### What you will do
Every entry below is to be returned unchanged. Images are not part of the copy.

### Records from a data collection
□ □ □

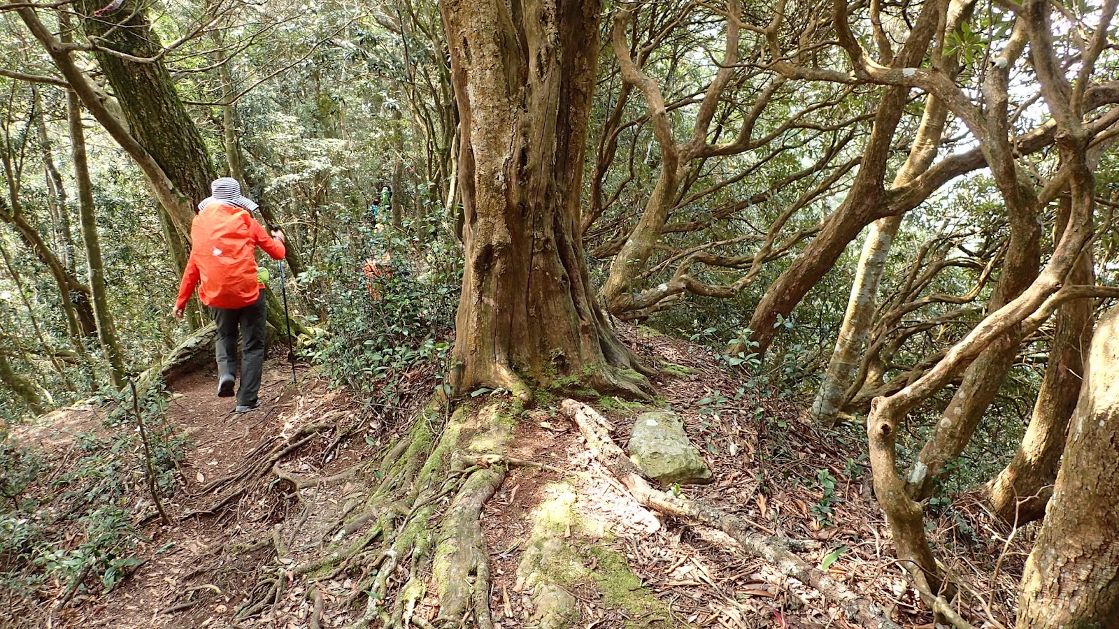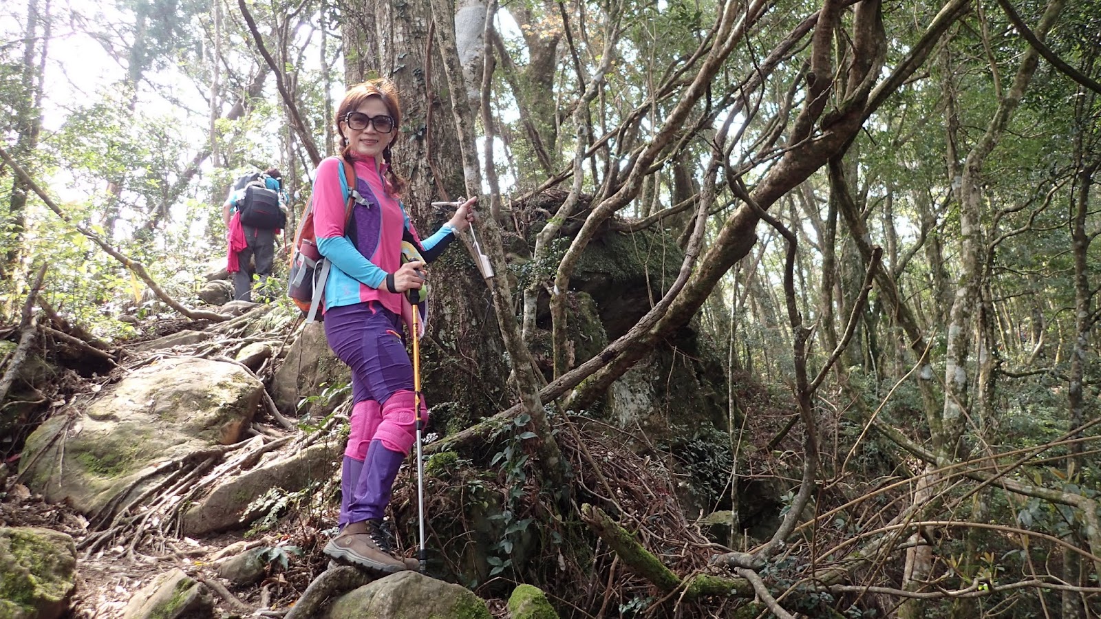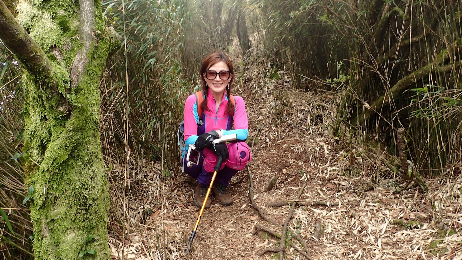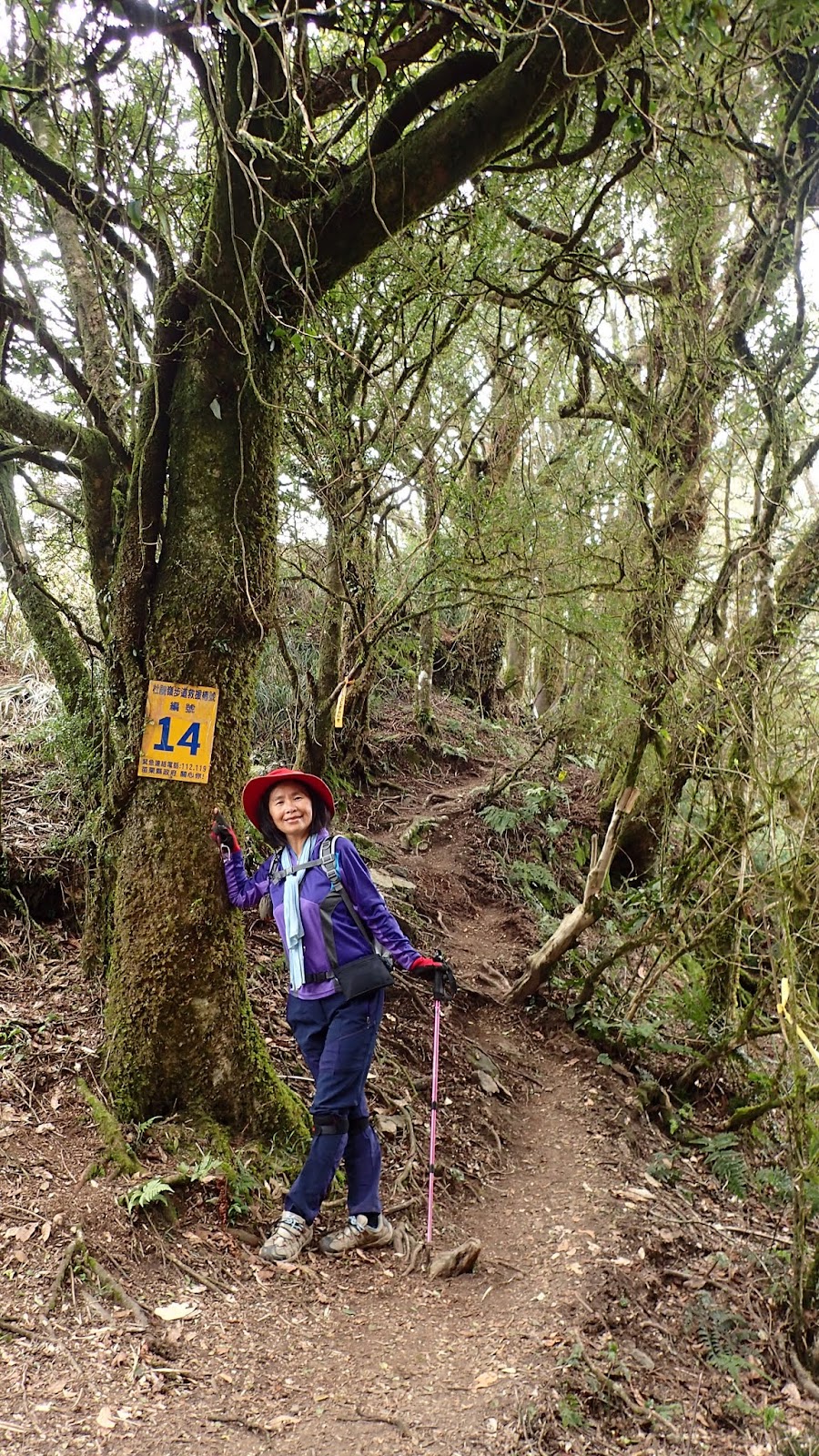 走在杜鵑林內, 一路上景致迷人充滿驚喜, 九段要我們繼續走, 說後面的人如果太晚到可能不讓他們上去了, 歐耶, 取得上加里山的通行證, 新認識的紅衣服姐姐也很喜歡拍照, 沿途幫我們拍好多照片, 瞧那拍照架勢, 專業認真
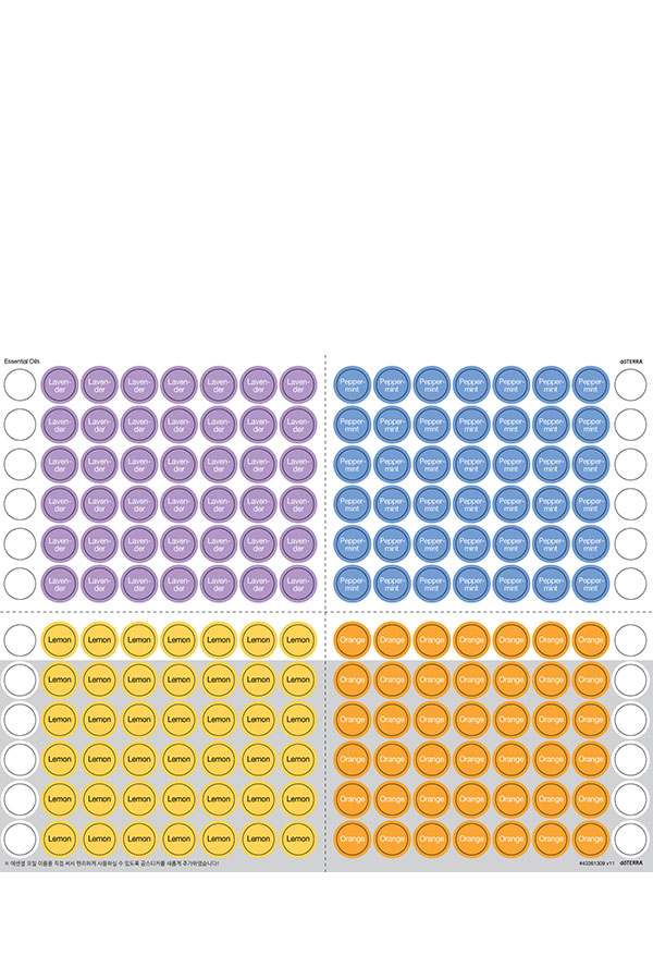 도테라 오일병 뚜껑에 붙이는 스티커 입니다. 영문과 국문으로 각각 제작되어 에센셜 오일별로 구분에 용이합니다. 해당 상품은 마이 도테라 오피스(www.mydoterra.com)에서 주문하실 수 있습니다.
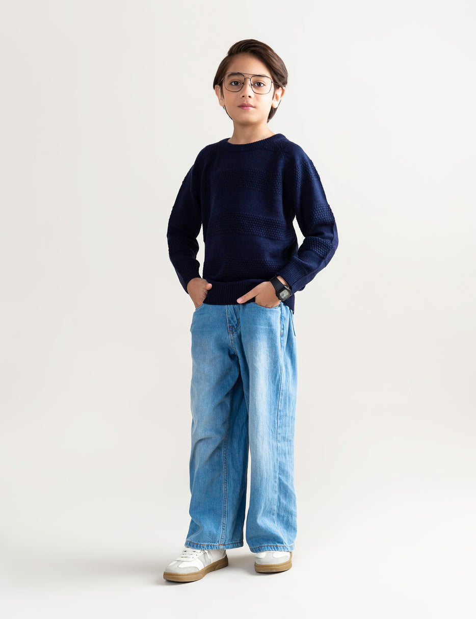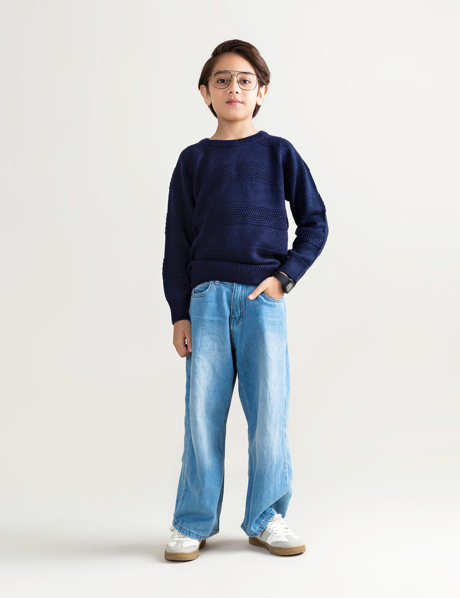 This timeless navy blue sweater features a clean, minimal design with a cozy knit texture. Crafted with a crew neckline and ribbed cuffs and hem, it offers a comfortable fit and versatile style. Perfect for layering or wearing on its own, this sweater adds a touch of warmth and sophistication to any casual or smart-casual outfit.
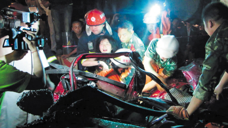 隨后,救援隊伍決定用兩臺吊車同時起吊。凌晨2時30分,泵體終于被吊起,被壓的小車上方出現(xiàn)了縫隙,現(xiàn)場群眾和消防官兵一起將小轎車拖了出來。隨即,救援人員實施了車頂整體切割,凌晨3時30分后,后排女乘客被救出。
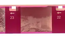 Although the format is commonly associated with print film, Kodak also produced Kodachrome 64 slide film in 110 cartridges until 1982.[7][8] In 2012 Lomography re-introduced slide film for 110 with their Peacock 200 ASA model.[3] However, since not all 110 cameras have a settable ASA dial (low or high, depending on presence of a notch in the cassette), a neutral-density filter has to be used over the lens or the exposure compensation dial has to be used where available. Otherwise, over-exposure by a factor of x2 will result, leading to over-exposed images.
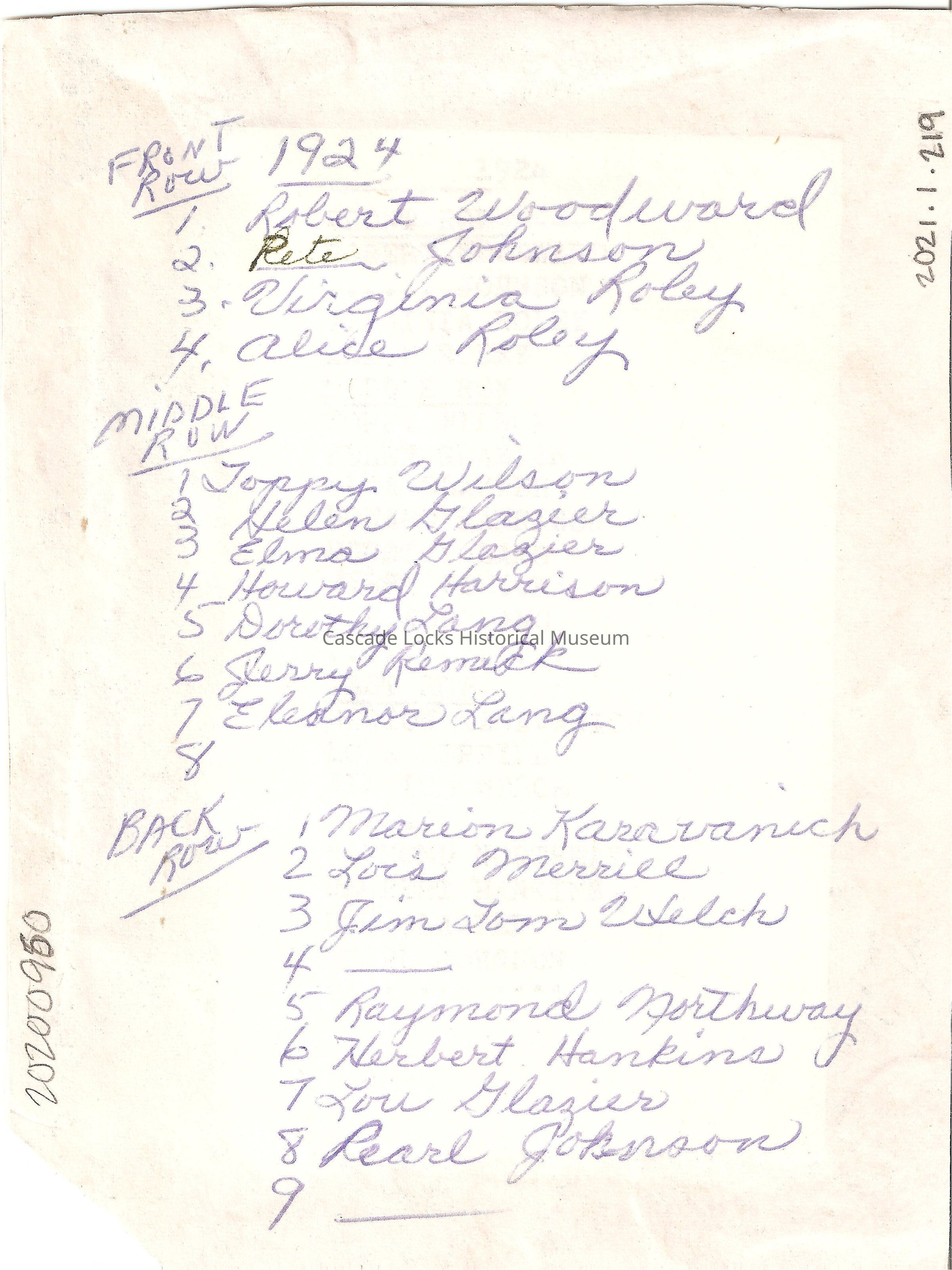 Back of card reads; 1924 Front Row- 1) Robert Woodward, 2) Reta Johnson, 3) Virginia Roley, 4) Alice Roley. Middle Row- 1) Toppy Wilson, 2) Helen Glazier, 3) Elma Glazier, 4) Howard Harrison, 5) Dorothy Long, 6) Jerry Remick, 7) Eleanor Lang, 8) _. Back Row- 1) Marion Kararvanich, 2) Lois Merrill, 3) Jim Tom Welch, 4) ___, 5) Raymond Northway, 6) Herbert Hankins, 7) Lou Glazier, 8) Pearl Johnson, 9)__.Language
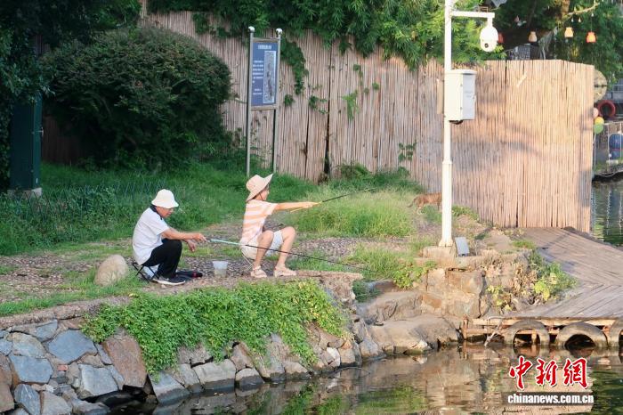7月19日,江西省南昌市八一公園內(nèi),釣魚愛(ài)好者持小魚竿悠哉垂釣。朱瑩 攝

□ □ □

### Written answer
 走在杜鵑林內, 一路上景致迷人充滿驚喜, 九段要我們繼續走, 說後面的人如果太晚到可能不讓他們上去了, 歐耶, 取得上加里山的通行證, 新認識的紅衣服姐姐也很喜歡拍照, 沿途幫我們拍好多照片, 瞧那拍照架勢, 專業認真
 도테라 오일병 뚜껑에 붙이는 스티커 입니다. 영문과 국문으로 각각 제작되어 에센셜 오일별로 구분에 용이합니다. 해당 상품은 마이 도테라 오피스(www.mydoterra.com)에서 주문하실 수 있습니다.
 This timeless navy blue sweater features a clean, minimal design with a cozy knit texture. Crafted with a crew neckline and ribbed cuffs and hem, it offers a comfortable fit and versatile style. Perfect for layering or wearing on its own, this sweater adds a touch of warmth and sophistication to any casual or smart-casual outfit.
 隨后,救援隊伍決定用兩臺吊車同時起吊。凌晨2時30分,泵體終于被吊起,被壓的小車上方出現(xiàn)了縫隙,現(xiàn)場群眾和消防官兵一起將小轎車拖了出來。隨即,救援人員實施了車頂整體切割,凌晨3時30分后,后排女乘客被救出。
 Although the format is commonly associated with print film, Kodak also produced Kodachrome 64 slide film in 110 cartridges until 1982.[7][8] In 2012 Lomography re-introduced slide film for 110 with their Peacock 200 ASA model.[3] However, since not all 110 cameras have a settable ASA dial (low or high, depending on presence of a notch in the cassette), a neutral-density filter has to be used over the lens or the exposure compensation dial has to be used where available. Otherwise, over-exposure by a factor of x2 will result, leading to over-exposed images.
 Back of card reads; 1924 Front Row- 1) Robert Woodward, 2) Reta Johnson, 3) Virginia Roley, 4) Alice Roley. Middle Row- 1) Toppy Wilson, 2) Helen Glazier, 3) Elma Glazier, 4) Howard Harrison, 5) Dorothy Long, 6) Jerry Remick, 7) Eleanor Lang, 8) _. Back Row- 1) Marion Kararvanich, 2) Lois Merrill, 3) Jim Tom Welch, 4) ___, 5) Raymond Northway, 6) Herbert Hankins, 7) Lou Glazier, 8) Pearl Johnson, 9)__.Language
7月19日,江西省南昌市八一公園內(nèi),釣魚愛(ài)好者持小魚竿悠哉垂釣。朱瑩 攝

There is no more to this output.